Canadian troops in Groningen in April 1945 (left) and in Normandy in the summer of 1944 (right). These soldiers carry the weapons in a relaxed two-hand carry that probably naturally evolved from the Port Arms. The weapon is held horizontally at hip level. The weapon could be quickly fired from the hip, without using the sights, a practice known as snap-shooting.

British infantry in Geilenkirchen, soldier at right carries his rifle at the low port. This was one of the most commonly
seen weapons carries in contemporary training and battle photos and film footage.

From the famous photo of Major David Currie at St. Lambert sur Dives in the summer of 1944. These infantrymen of
The Argyll and Sutherland Highlanders of Canada carry the weapon at the low port. This means of carrying the weapon
was comfortable, and provided the user with the ability to quickly bring it up to either fire or use the bayonet.
Soldiers in the Second World War did NOT put the butt of the weapon into the shoulder, as is done today, unless they were delivering
aimed fire with the rifle.

The closest method of carriage to the modern ready carry is identified by the 90th Division page as the under-arm hang, where the weapon is carried in both hands, generally at hip level, with the muzzle at about 45 degrees from the horizontal. The weapon could be brought to bear quickly, but since this carry was more fatiguing than others it would have been used only when contact was imminent.

Snap Shooting

It can't be emphasized enough that Second World War shooters were not trained to shoot on the move, which ultimately affected the way they carried their weapons. We know that "snap shooting" was sometimes taught, which was considered  the best way to quickly bring a weapon to bear at close range and fire instinctively. However, the evidence shows that the weapon was not carried with the butt in the shoulder in modern fashion, but at a 'low port arms' position. The article below from a wartime journal mentions the disadvantage of shooting from the hip (inaccuracy) which is balanced against the greater speed of bringing the weapon to bear. The illustration shows the snap-shooter carrying the weapon at a low port arms, not with the butt in the shoulder.

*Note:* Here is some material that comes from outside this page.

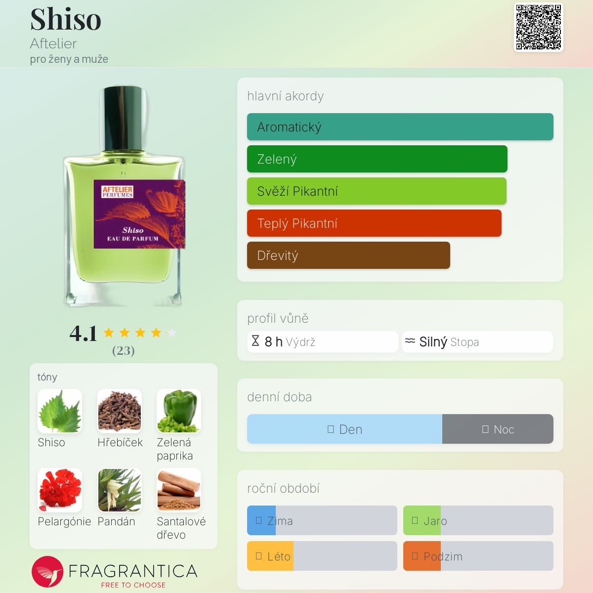 Shiso podle Aftelier je Aromatic Green vůně pro ženy a muže. "Nosem" za touto vůní je Mandy Aftel. Vrchní tóny jsou Hřebíček a Zelená paprika; střední tóny jsouShiso, Pelargónie a Pandán ; základní tóny jsou Santalové dřevo, Agarové dřevo (oud) a Pačuli.

The website Der Erste Zug notes that the Germans also trained to do snap shooting (which they called Hüftschuss), a point blank shot from the hip. This was only done at extreme close quarters, as the bolt action rifle was considered useless when fired without aiming, and the Hüftschuss put the rifle in position to follow up with a bayonet thrust.


The 47th (London) Division of the British Army developed a rigorous set of tactical drills they called Battle Drill. The system was developed in the UK in 1942 and spread to the Canadian Army by The Calgary Highlanders who were stationed nearby. A look at the so-called Battle Drill Bible shows references to weapons carriage in combat conditions. A two-handed carry was prescribed, and photos suggest the most common method was a low style port arms with the ability to snap shoot.

These pictures show British and Canadians in training and in the combat zone, note that even when about to assault a house, the rifle is carried in a low port position and not put into the shoulder.

Cradle Carry

The parade ground stance of Order Arms was not done with loaded weapons. In the field, where weapons were of necessity loaded, soldiers often cradled them under the arm for informal carriage, letting the body and equipment bear some of the weight and keeping the muzzle under tighter control. The Germans found this position also permitted for quick transition to the Hüftschuss or snap shot.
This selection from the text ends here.